The New York State Parole Appeals Board affirmed denial of parole last week to Judith Clark, a former member of the Weather Underground who drove the getaway car in the deadly 1981 Brinks armored car robbery in suburban New York.

Clark, 68, was sentenced to 75 years to life for her role in the heist, which resulted in the deaths of two police officers and a security guard. She was denied parole in April by the New York Parole Board, despite having had her sentence commuted by New York Gov. Andrew Cuomo last December, making her eligible for parole. Supporters and her attorneys have cited Clark's “extraordinary transformation” in prison, including work tutoring other inmates, training service dogs and founding an HIV/AIDS education program while behind bars.

In a decision dated Nov. 29 but not released until late Monday, the appeals unit ruled that, despite the parole board's finding that Clark was rehabilitated and posed no threat to society, the “seriousness of the crime” and public opposition to her release constituted grounds for denial.

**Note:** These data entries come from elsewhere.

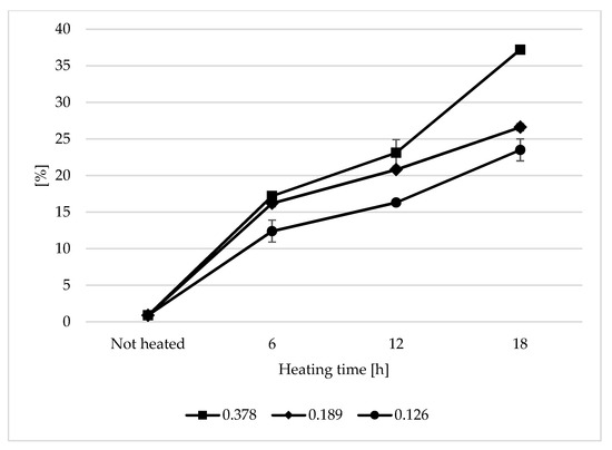 The change in the surface-to-volume ratio of the heated oil also led to changes in the composition of fatty acids in the samples (Table 1). Saturated and monounsaturated fatty acids (MUFA) were observed to increase their contribution to all fatty acids. There was a decrease in the level of polyunsaturated fatty acids (PUFAs) in the pool of fatty acids and in the iodine value expressing the oil unsaturation degree. As before, PUFAs were degraded at highest rate when thin layers of oils were heated (0.378 s/v ratio). The increase in the volume of the heated oil (decrease in the surface-to-volume ratio) led to slower degradation of fatty acids. The decrease in the PUFA content was 7.59, 4.66, and 3.15% in heated oil with the 0.378, 0.189, and 0.126 s/v ratios, respectively. The decrease in the amount of polyunsaturated fatty acids was associated with their greater susceptibility to oxidation processes than monounsaturated fatty acids [32].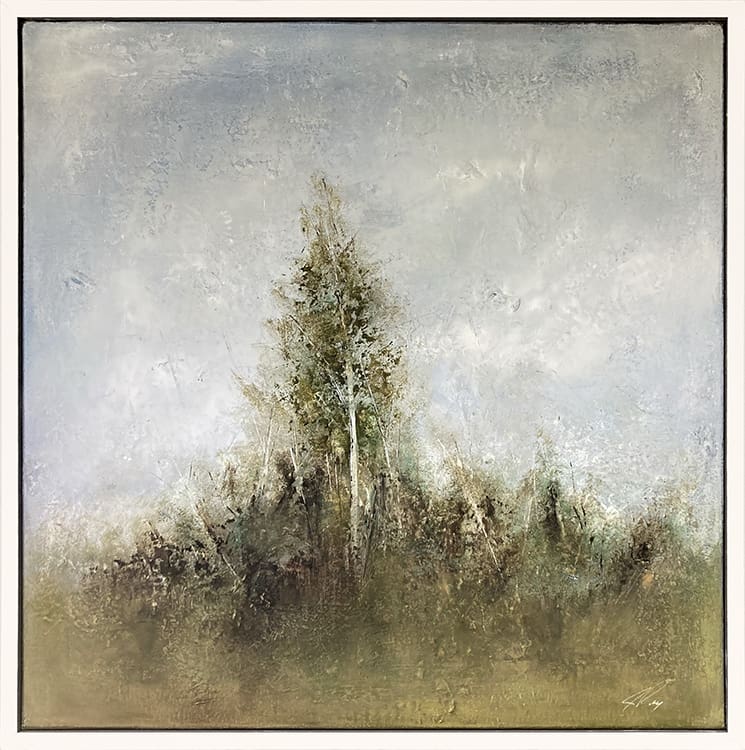 Textured abstract painting, employing a subdued colour palette of greens and browns resulting in a relaxing, calm piece. Framed and ready to hang.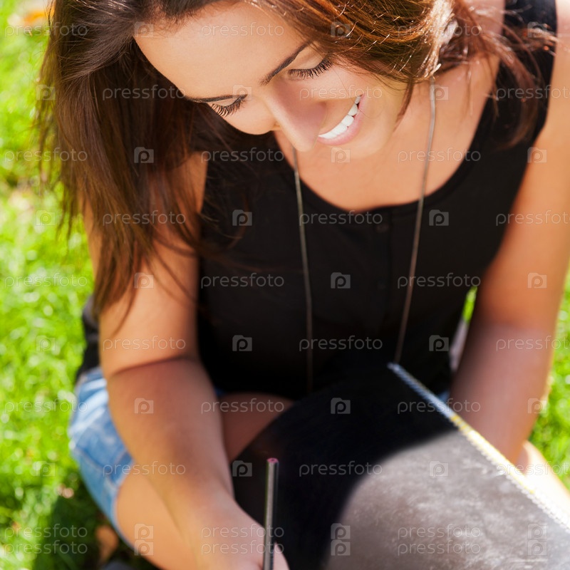 Студентка на зеленой лужайке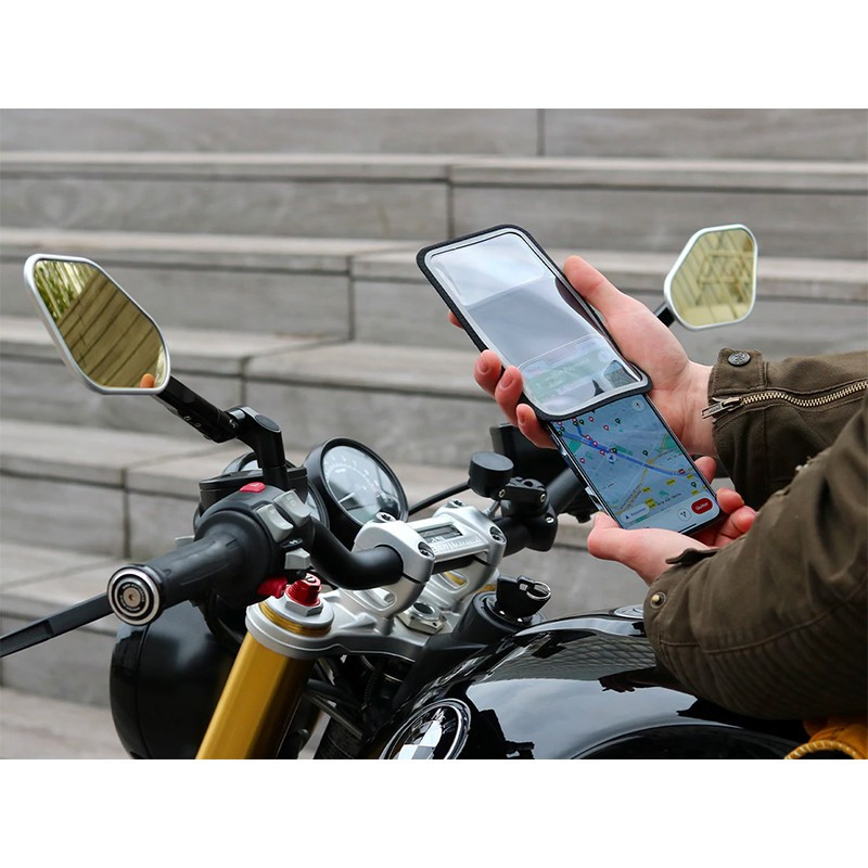 Le support moto PRO BOOST Shapeheart vous permet d'installer de manière fixe et personnalisée votre téléphone sur votre guidon afin de vous laisser guider par votre GPS.

Clark's attorneys, Michael Cardozo of Proskauer and professor Steven Zeidman of CUNY Law School, announced they would immediately bring suit to challenge the ruling. “We are deeply disappointed in the decision,” Cardozo and Zeidman said jointly. “Ms. Clark is a reformed individual whose accomplishments have positively impacted numerous prison correction programs and scores of individual prisoners. She deserves and is legally entitled to parole.”

Cardozo and Zeidman said New York courts “have repeatedly ruled that, without more, the seriousness of the crime of conviction—something that can never be changed—is not a legitimate basis for denying parole,” and that a prisoner found to be rehabilitated and not a threat to society “should be granted parole.”

Clark's attorneys said she has been in prison for 36 years and is the third-longest serving woman in the New York prison system. “Most of the other participants in the crime, including one who actually pulled the trigger, have previously been released from prison,” the lawyers stated. Gov. Cuomo, granted Clark clemency last year after interviewing her personally and noting her “exceptional strides in self-development.”

Clark will be eligible to seek parole again in 2019.

An Associated Press report was included in this story.